The document outlines the vision and purpose of education to develop learner agency so that all learners have the belief and capacity to take action to make life better for themselves and others, now and for future generations.
This portrait has been a guiding vision for the modernized New Brunswick curriculum, resulting in the inclusion of a larger scope than the traditional subject-area outcomes. The career education K-12 framework is now contributing to the modernization of NB curriculum. It is part of the new curriculum writing tool kit that will inform the writing and updating of curriculum and resources development. It is being used along side other important frameworks such as a Wabanaki framework, black histories framework, and climate education framework. This will ensure the consistent and informed incorporation of career education outcomes across all curriculum.
Most recently- the framework was used to write an entirely new grade 10 Career Pathway Design course and to update the Personal Wellness career connected learning outcomes to reflect most recent research of career education best practice.
This brings us to our Hopeful Transitions GUIDE and tool. I think this very much connects to the opening comments about social justice – how do we effectively provide career education to those that need it most? This is a tool identifies those that need more career guidance and works to ensure each learner is successfully planning and preparing for the future.
In recognizing that Transition planning and Career decision making are not equitable in their access or delivery, Hopeful Transitions will utilize the response to intervention model shown on the left hand side of the screen. The intent with this model is to scaffold learning so that all learners are able to access career education. Tier 1 is the core classroom instruction that all learners receive. For Career connected Learning, this is depicted and outlined as our Career education framework K-12. It is very clear as to what our educators and learners are aiming to achieve based on what is within the framework document and continuum based on the developmental stage.
Within Tier 1 it will be determined when and if a learner requires additional scaffolding and/or interventions to assist in accessing career learning. Tier 2 is targeted small group instruction. For example, maybe a small group that is focused on social emotional skill development. Tier 3 is intensive individual interventions. An example, could be a student with an individualized learning plan that requires a transition plan to support their transition from middle school to high school and/or post-secondary.
The intent is that all learners receive tier 1 career education and Tier 2 and 3 do not replace this. They are the supports required to make sure that career education and transition planning happens for each learner.
The development of the guide and associated digital tool is underway and is hoped to be used in schools next academic year.
This shows the filter mechanism as part of the Hopeful Transitions tool. This allows for educators to identify what they are looking for in supporting the implementation of the career education framework across the curriculum. They can easily find lesson plans, activities, experiential learning opportunities, labour market information and community/employer/mentor connections.

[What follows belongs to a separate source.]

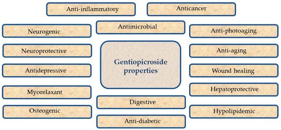 Vast traditional applications of GPS-containing plants encouraged the researchers to study the biological potential of GPS more extensively and broadly. A multitude of scientific reports denoting the marked biological potential of this secoiridoid have been published. Below, the pharmacological potential of the compound that were proved in in vitro tests are reviewed. Some of the major biological activities of GPS are summed in Figure 3.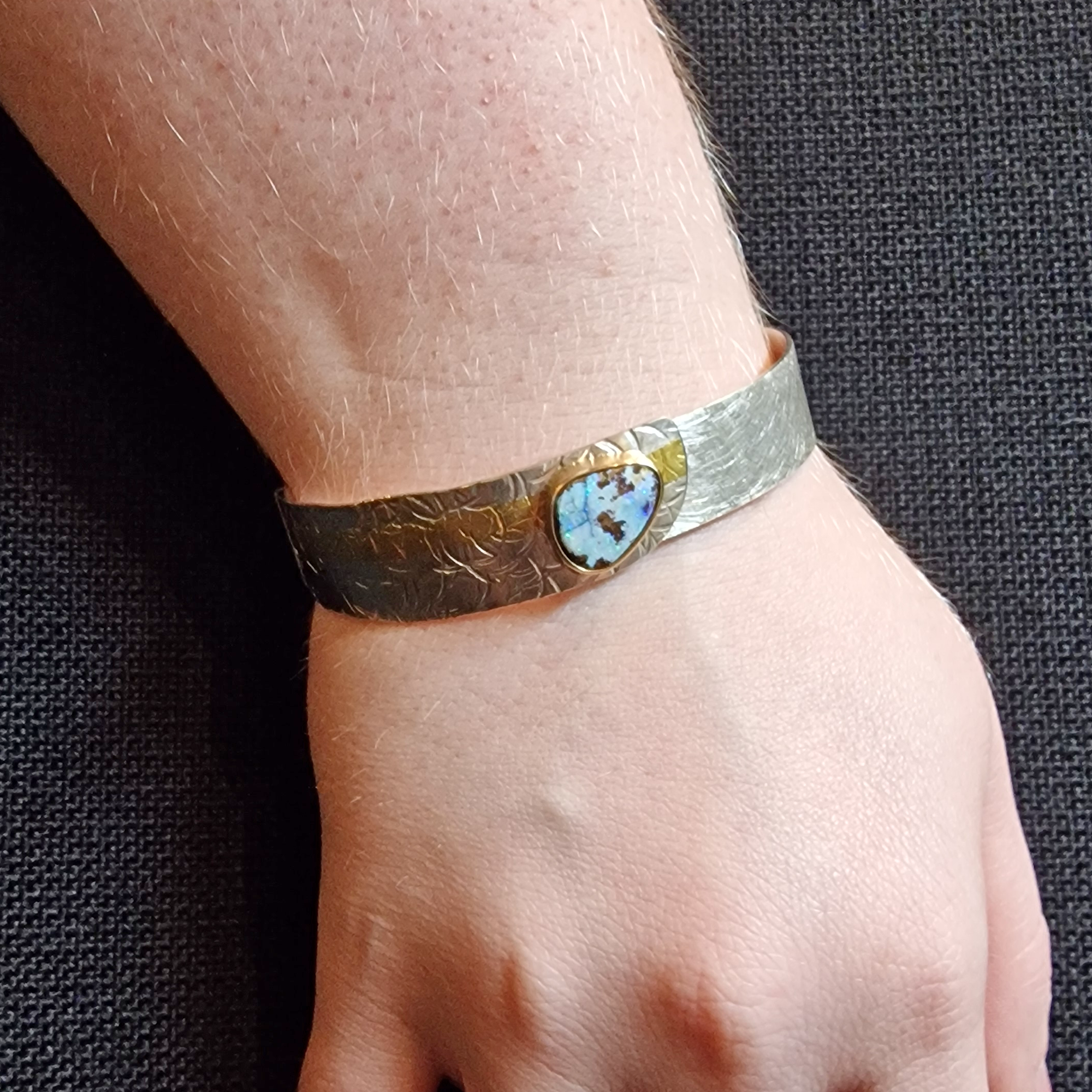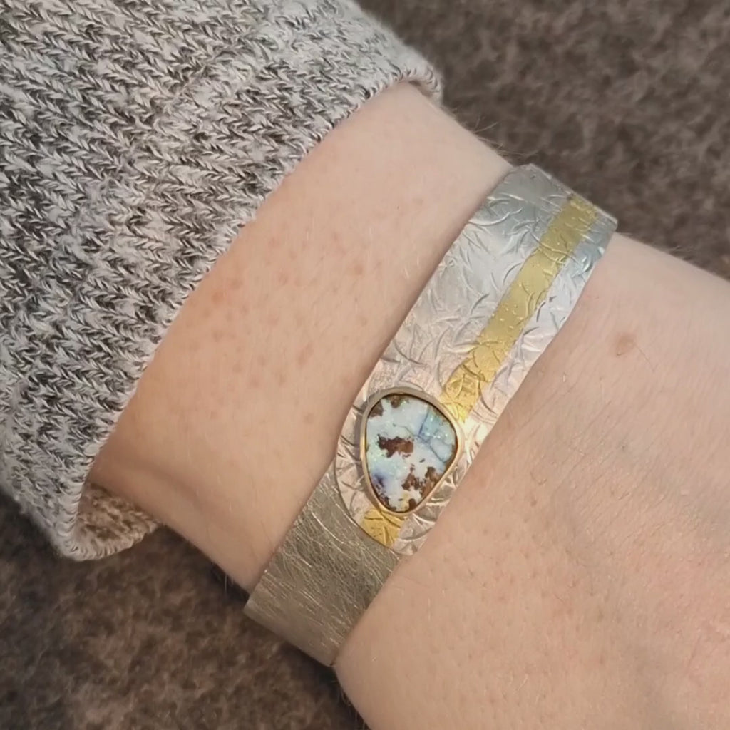 Handgeschmiedeter Armreif mit Struktur und Knopfverschluss mit Boulder Opal in Silber und Feingold

The Career Life Plan is a new addition to our graduation requirements in NB. A Documented Career-Life Plan is a comprehensive education, career, and life plan that documents the learning needs, interests, and aspirations of all students.
This will increase the intentionality of career connected learning along the learning continuum and learners will be supported in documenting a Career Life Plan digital portfolio year over year until graduation. We are underway in determining the best way to support this new graduation requirement and the Career Education Framework will provide the context for how we can best support young people in actively planning for their post-secondary lives.